Today, the mother of three does commissioned work and is pursuing a master’s degree in modern art history. The author of a 2016 novelette, “Prince of the Sea,” which she also illustrated, she teaches art and, like everyone else, has been trying to adjust to the new normal.
“The first eight weeks of the quarantine I wasn’t teaching. I was just spending time with my kids,” said Ferrante. “I didn’t just rush though my day like I usually do. I really observed what was going on around me. One day, I walked into a room and saw my son Micangelo playing his guitar. I stopped and looked at the way the sun was shining on him and thought how beautiful that moment was. Then I was standing outside and watched my son Joseph-Paul walking up the street with our dog, Teepee. It gave me this incredible sense of serenity, just to watch them.”

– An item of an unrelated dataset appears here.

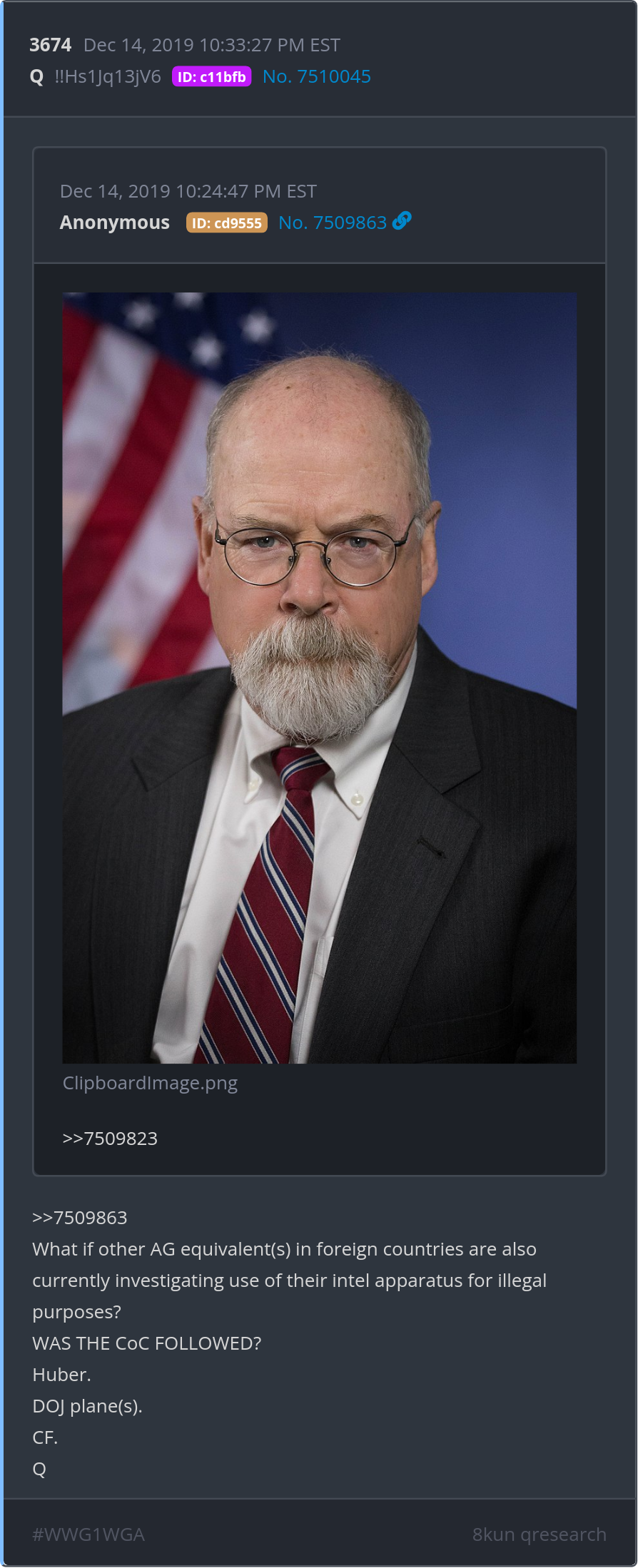 What if other AG equivalent(s) in foreign countries are also currently investigating use of their intel apparatus for illegal purposes? WAS THE CoC FOLLOWED? Huber. DOJ plane(s). CF. Posted 12/13/2025 08:35 PM Categories Clips, Q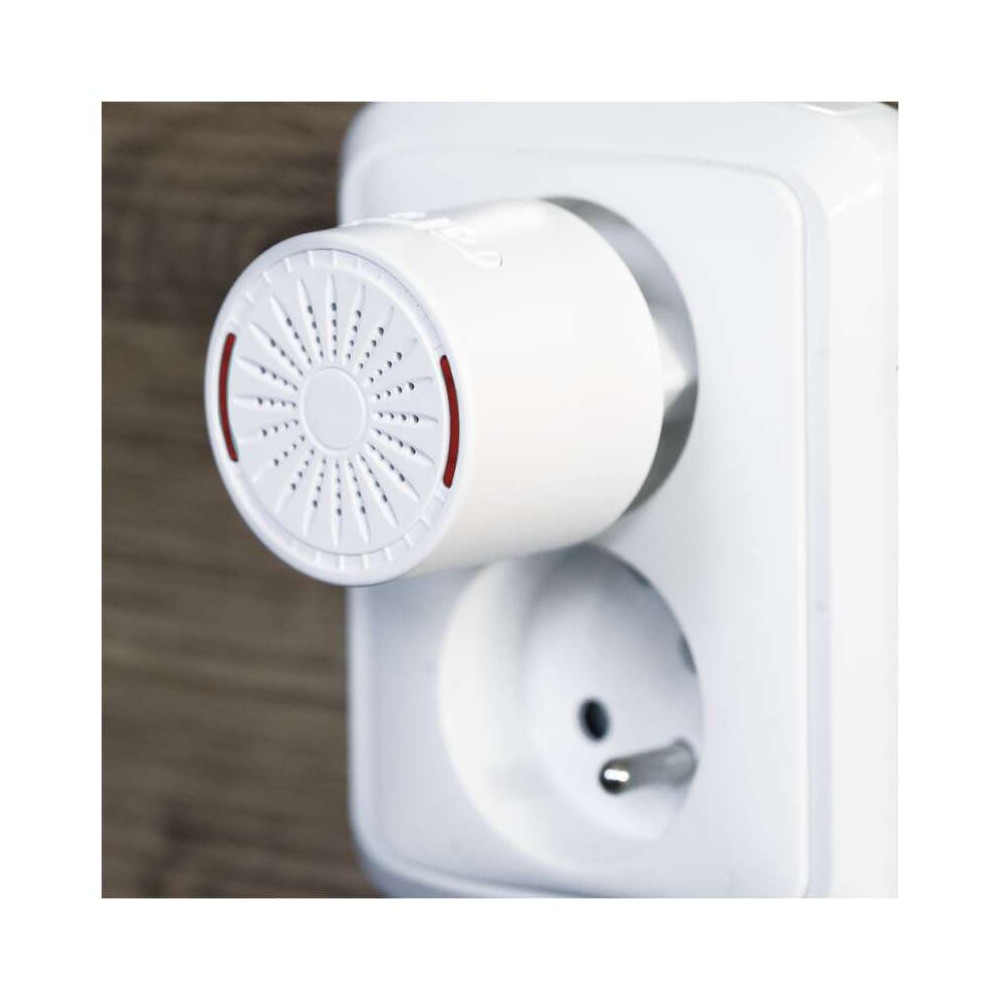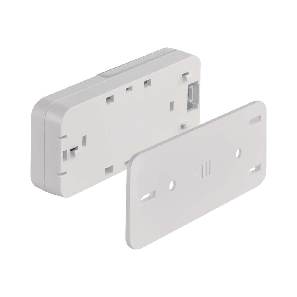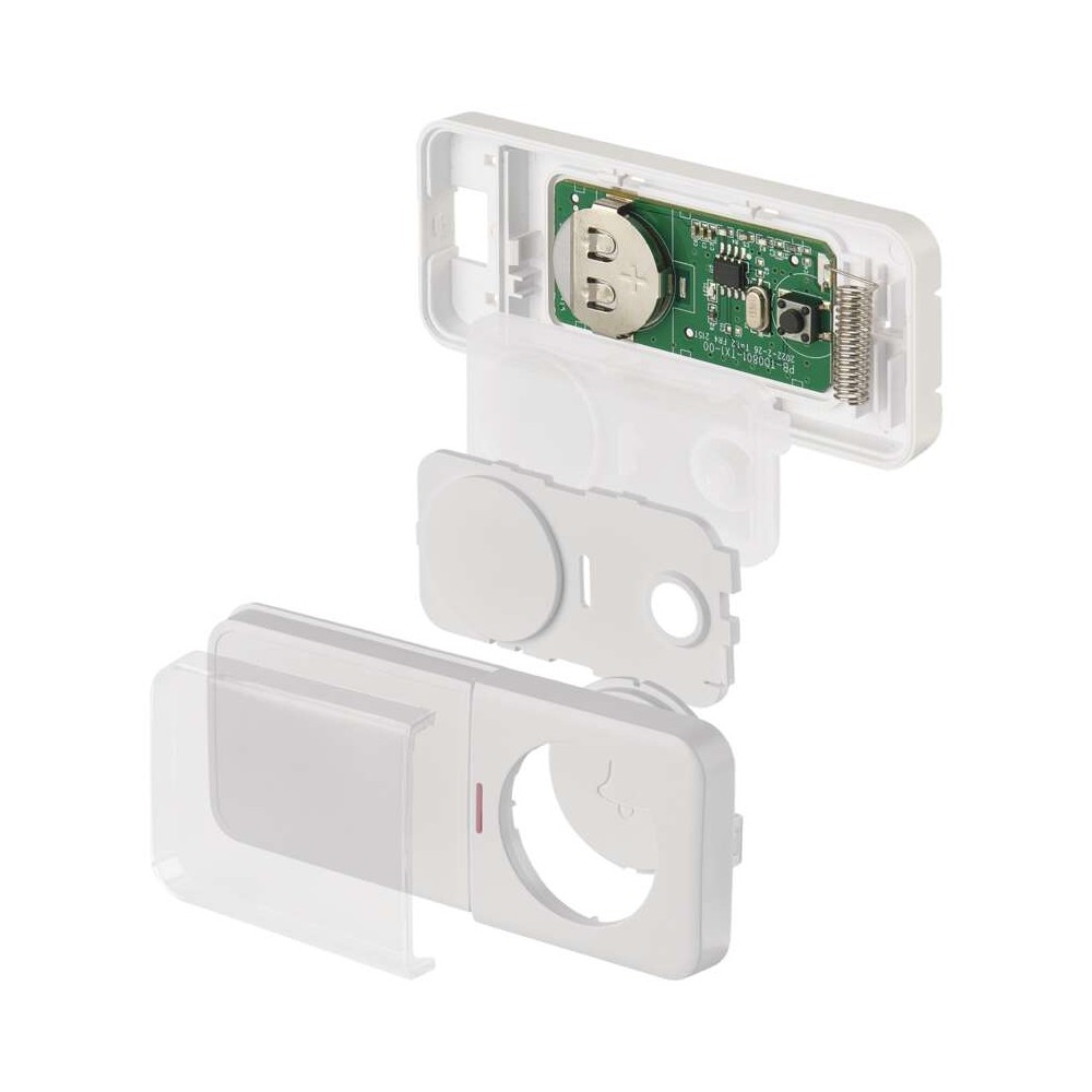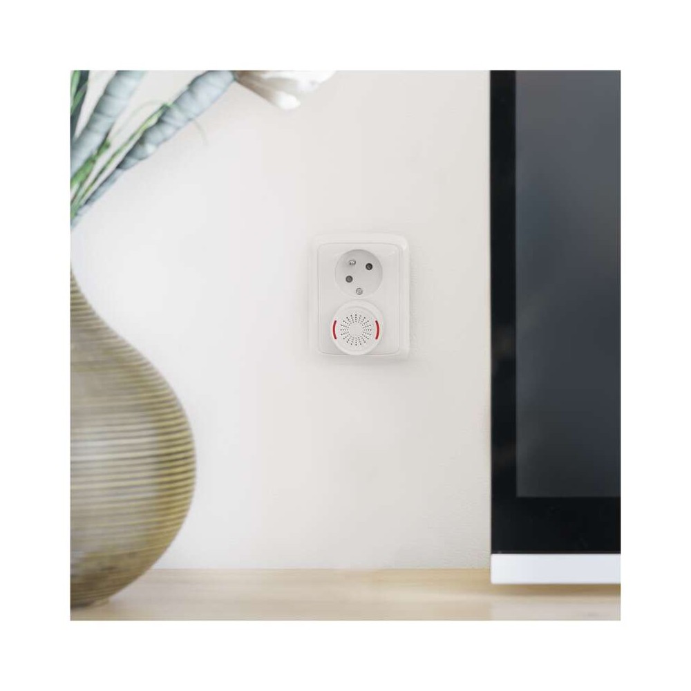 Non servono cablaggi: collega il ricevitore, posiziona il pulsante con il biadesivo incluso e il sistema è pronto. La funzione di autoapprendimento memorizza l’associazione anche dopo un blackout.

Ferrante said she also found herself intrigued by watching her daughter, Angelina, putting her hair up in the messy bun that is currently popular with young girls and by watching the expressions she makes while texting with friends.
“One day, while we were talking, she stopped in mid-sentence to read a text,” Mina recalled. “A hint of a smile came to her face and her eyes took on this dreamy look. I wondered what she was reading. Was it a funny remark from one of her friends? Was it a text from the cute boy I saw her talking to the previous day? Was it a love note? Whatever it was, I knew it had come from a world that a mother of a girl who is becoming a woman is not a part of. All of those little moments, which I usually would not have noticed, became things that inspired me to paint.”
Along with painting her children and scenes from her neighborhood, Ferrante has used this time to experiment in creating with pastels, something she had never done before. She did a portrait of her niece, Zoe, and was surprisingly pleased with how easily she was able to adapt to the use of a new media.
Utilizing her talents, Ferrante has also used this time to take on a project she has been wanting to do for over two decades: Write a book about her life and the history of her family.
“Over the years I have collected stories from my family members, letters, photos and drawings. I wanted to compile them into a book, but between raising my kids, teaching, and doing my commissioned work I was too busy. The pandemic gave me the time to start this project that will be a beautiful tribute to my family and my ancestors.”
Excited about the art she is creating and the book she is working on, Mina said that ever since she was a child she has always looked for silver linings in tragedies.
“There were times in Vietnam when we had no food ― nothing,” she said. “But my whole family always stayed optimistic. If we were hungry, we sang. If one of us was sad, we made up stories and I drew pictures. By doing that we never experienced depression. That is my advice to people who are having a hard time today. I believe if you do something creative it will bring you internal peace and happiness. Start a journal, reflect on your life, write down your memories, paint, draw, sing. It is amazing how by doing those things it can lift your spirits. Those are the things that helped me and my family survive and get through the great challenges of a horrible war, so I know they can help people in getting through this pandemic.”